## Problem to work on
Drop all pictures and repeat exactly the lines from the line holding "-jasny, ustawny salon" through the end of the records.

---

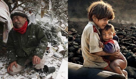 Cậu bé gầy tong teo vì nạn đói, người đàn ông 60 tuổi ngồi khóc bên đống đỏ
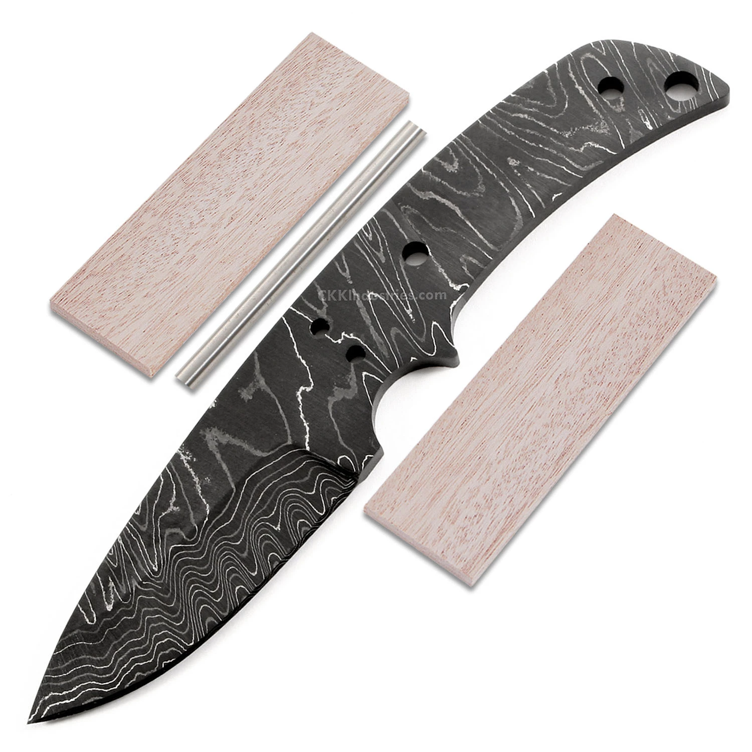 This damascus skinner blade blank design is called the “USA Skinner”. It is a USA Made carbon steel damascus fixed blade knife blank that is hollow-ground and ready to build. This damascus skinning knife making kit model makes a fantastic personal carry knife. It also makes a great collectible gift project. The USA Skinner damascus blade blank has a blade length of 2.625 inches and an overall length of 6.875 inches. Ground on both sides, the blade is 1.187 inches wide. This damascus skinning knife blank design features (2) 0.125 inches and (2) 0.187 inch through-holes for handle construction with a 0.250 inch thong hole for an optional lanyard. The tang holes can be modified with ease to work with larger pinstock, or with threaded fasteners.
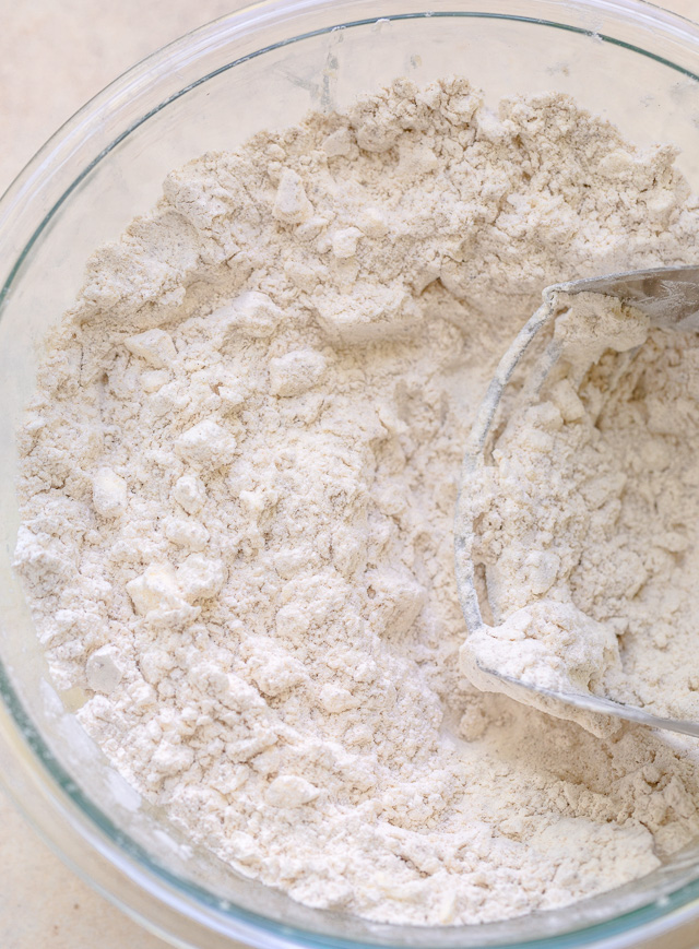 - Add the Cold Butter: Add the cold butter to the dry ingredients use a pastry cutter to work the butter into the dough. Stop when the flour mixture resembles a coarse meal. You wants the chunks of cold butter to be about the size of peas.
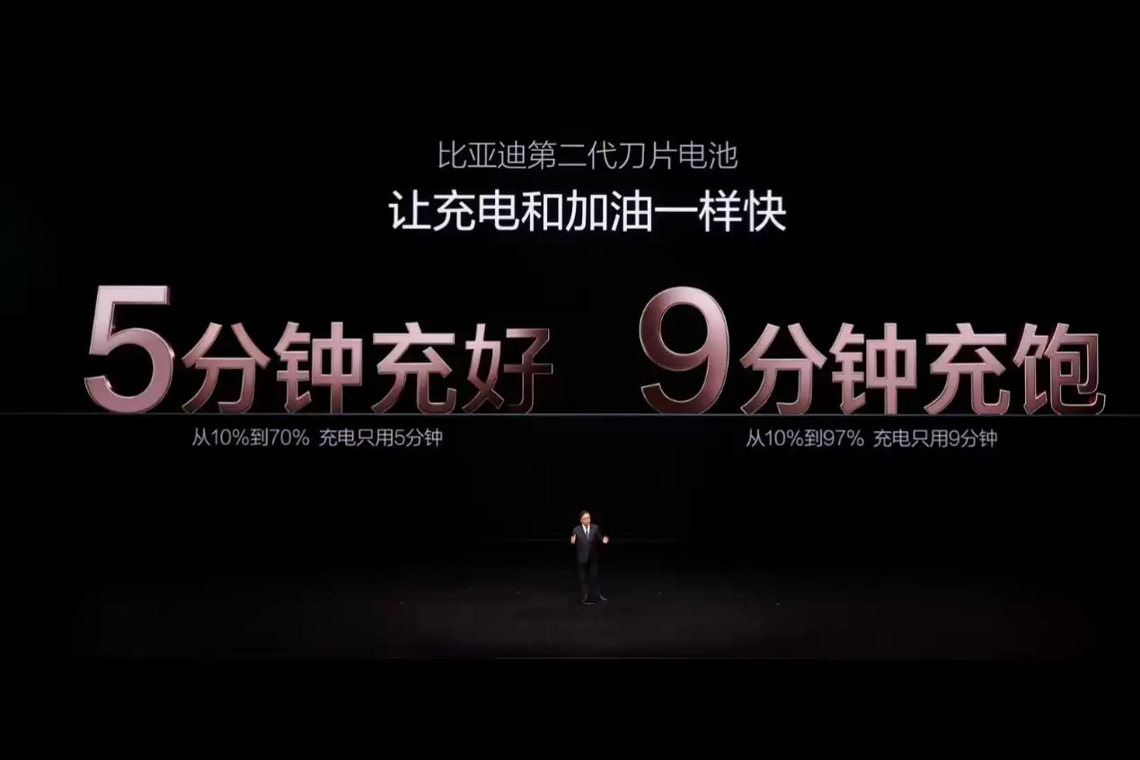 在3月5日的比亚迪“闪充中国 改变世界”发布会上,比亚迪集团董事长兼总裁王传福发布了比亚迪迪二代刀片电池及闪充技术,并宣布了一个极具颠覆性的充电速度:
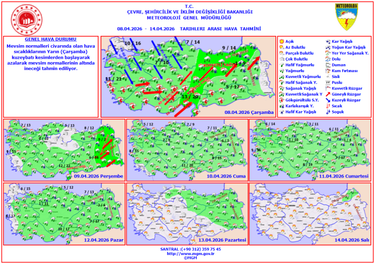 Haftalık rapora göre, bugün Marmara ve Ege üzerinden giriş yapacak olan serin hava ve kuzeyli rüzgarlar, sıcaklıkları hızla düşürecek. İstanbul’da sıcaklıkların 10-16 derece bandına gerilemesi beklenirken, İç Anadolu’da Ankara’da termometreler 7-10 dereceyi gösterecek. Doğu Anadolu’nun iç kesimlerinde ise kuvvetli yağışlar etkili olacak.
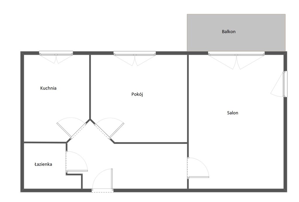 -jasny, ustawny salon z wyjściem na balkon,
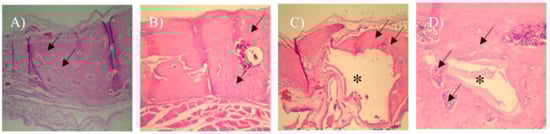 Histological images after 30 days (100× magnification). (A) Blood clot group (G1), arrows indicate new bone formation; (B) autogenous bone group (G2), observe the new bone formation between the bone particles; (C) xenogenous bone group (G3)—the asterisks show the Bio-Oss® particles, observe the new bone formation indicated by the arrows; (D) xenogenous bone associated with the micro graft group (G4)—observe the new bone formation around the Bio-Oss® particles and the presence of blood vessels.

---

## Answer space
 -jasny, ustawny salon z wyjściem na balkon,
 Histological images after 30 days (100× magnification). (A) Blood clot group (G1), arrows indicate new bone formation; (B) autogenous bone group (G2), observe the new bone formation between the bone particles; (C) xenogenous bone group (G3)—the asterisks show the Bio-Oss® particles, observe the new bone formation indicated by the arrows; (D) xenogenous bone associated with the micro graft group (G4)—observe the new bone formation around the Bio-Oss® particles and the presence of blood vessels.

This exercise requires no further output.